If all goes well, this round will shrink the tumors, Art will have another PET Scan at 6:15 a.m. on January 29th. With luck and prayers, drugs and doctor’s wisdom, the tumors will again be shrinking and that afternoon, Art will be able to start the process of collecting his own stem cells for his stem cell transplant. Our hope is that on Feb. 12, Art will begin receiving his last round of high dose chemo (we'll be professionals by then), to be followed by his stem cell transplant (paid for by the insurance company, fingers crossed) on February 20th.
That leaves us with a simple plan -- to laugh often and hard and to surround ourselves with love. Funny movie recommendation and good jokes (dirty ones acceptable) will be honored. Emails and cards read and held onto. We will get past, through, over and around this no matter what the next day holds ‘cause ya know? It’s just a day.
Requested Update on The Kids
They are well...kids. Acting out one minute, always wondering what’s going to happen to them and then next on to quarreling over who gets the blue blanket or play Darth Vader. Lately they have been requesting that I sing to them after I say good night. It’s something I used to do when they were younger. As a mother, looking for signs of anything I am tempted to read into that. I choose not to and enjoy the moment.

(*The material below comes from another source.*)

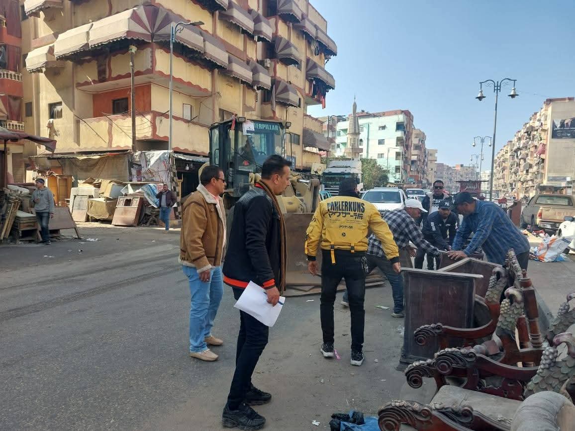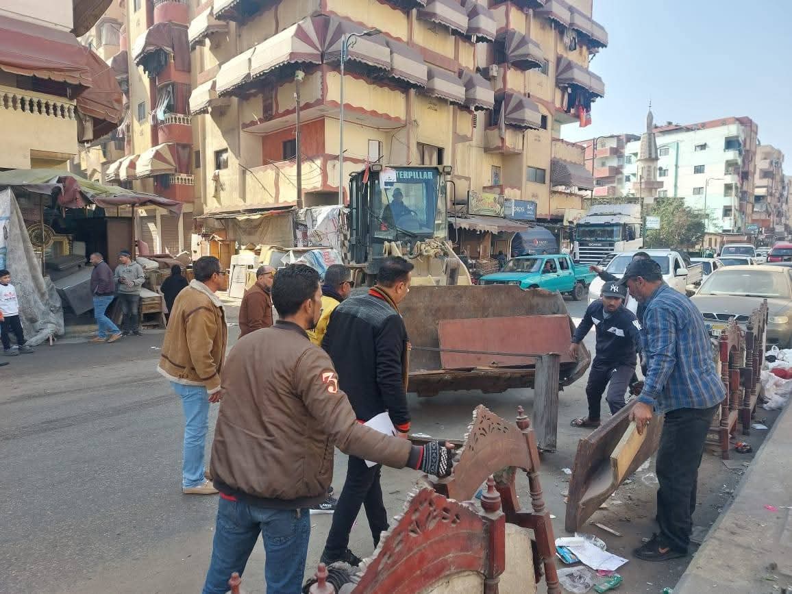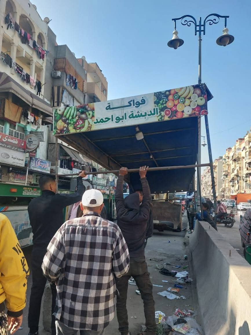 وقد اسفرت جهود الحملة عن ازالة فروشات للخضار والفاكهة واقفاص خشبية وأقفاص بلاستيكية وعربات يد وتند وشماسي وكراسي وترابيزات من امام احد المقاهى وفروشات لبيع الاسماك والبحريات و استاندات وحوامل معدنية وألواح وفروشات لبيع سلع متنوعة من امام الرصيف العام ونهر الطريق مستخدمين سيارات ومعدات الحى

Langston is the most scared. He asks questions, “What is a stem cell? Why do the drugs make daddy so sick?” A month ago he stated “Mom, we didn’t like it when you left us at Lisa’s. We understand that you had to do it, but we didn’t like it.” When Art was hospitalized in August, the kids spent three days with our friends Lisa and Dennis. As he is a boy of 9, I was heartened by his ability to risk expressing his feelings and to understand the situation. Pallas states how much she hates it when daddy is sick ‘cause he can’t read to her. Ezra was the only one of the three who cried last night when we told them about the tumors. When asked what they miss the most when Daddy is sick, the response was “Oh, nothing. It’s nice ‘cause he doesn’t yell at us.” Followed by "Ya, he yells too much," is the back up chorus often heard. Then we all laugh.

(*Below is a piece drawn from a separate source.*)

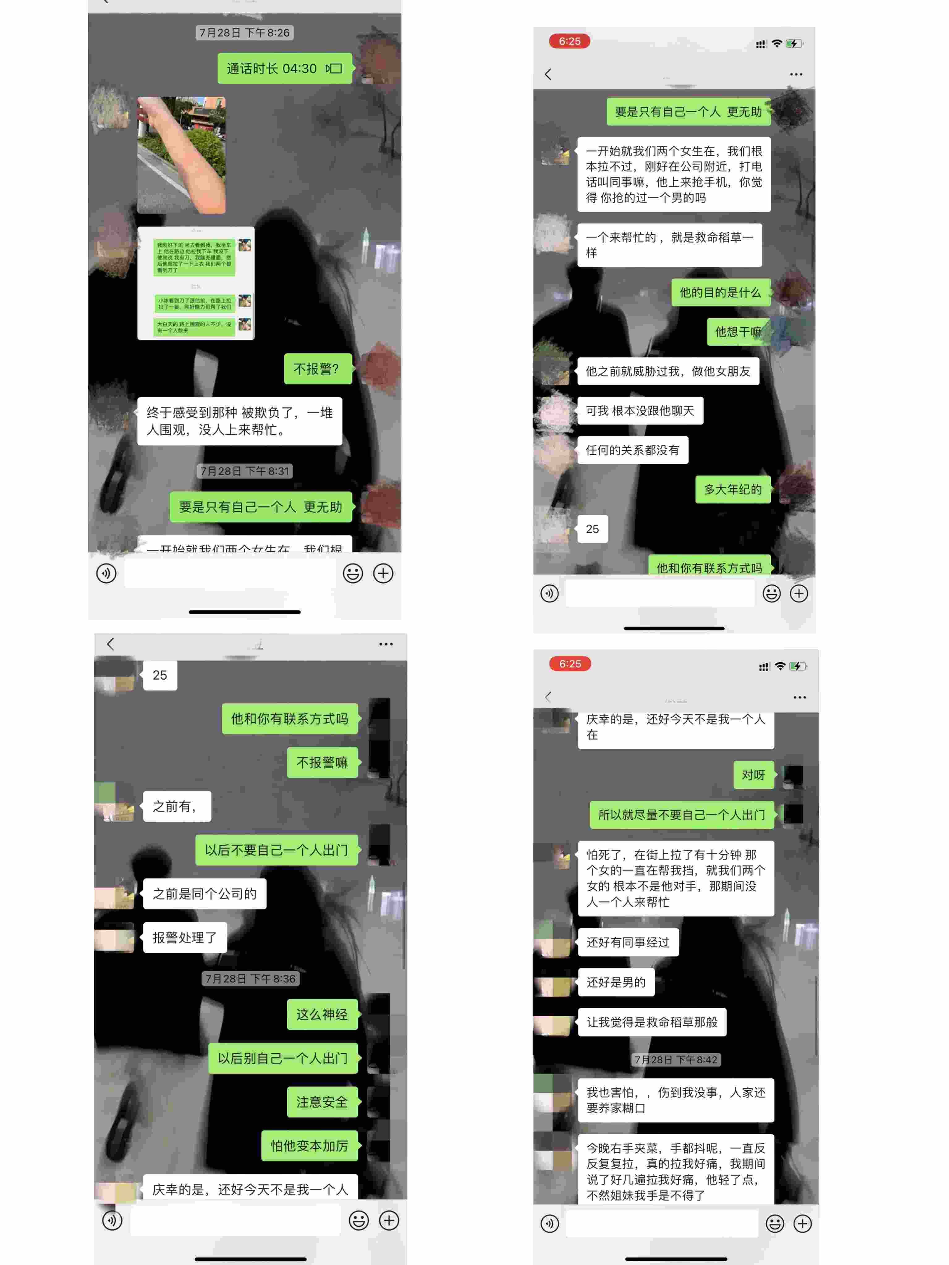 相關(guān)聊天截圖顯示,此次被黃某南威脅后,陳某萍和朋友在微信聊天時(shí)表示,“報(bào)警處理了”。陳某萍還表示,當(dāng)時(shí),黃某南拉她上衣時(shí),她看到了刀,感到非常害怕,幸好有同事出手相助?!八熬屯{過我,做他女朋友??晌腋緵]跟他聊天,任何關(guān)系都沒有?!?/p>

They act out, stomp and storm and in the middle of the angst I back away remembering that sometimes it's their way of dealing. (Don't know where they got that from!) As long as the days remain relatively the same, they seem to cope well. (I wonder am I doing them a service or diservice? Nothing is permenant but impermance.) Either way, this disease has highlighted what many believe -- children come through us, and are not of us. Sometimes we can we step back and enjoy them (in their loudness, roughness, smellinesss) and wonder at the ways they have choosen to cope with this. For that I am grateful. Their ability to live in the moment is a lesson I hope to draw on more frequently.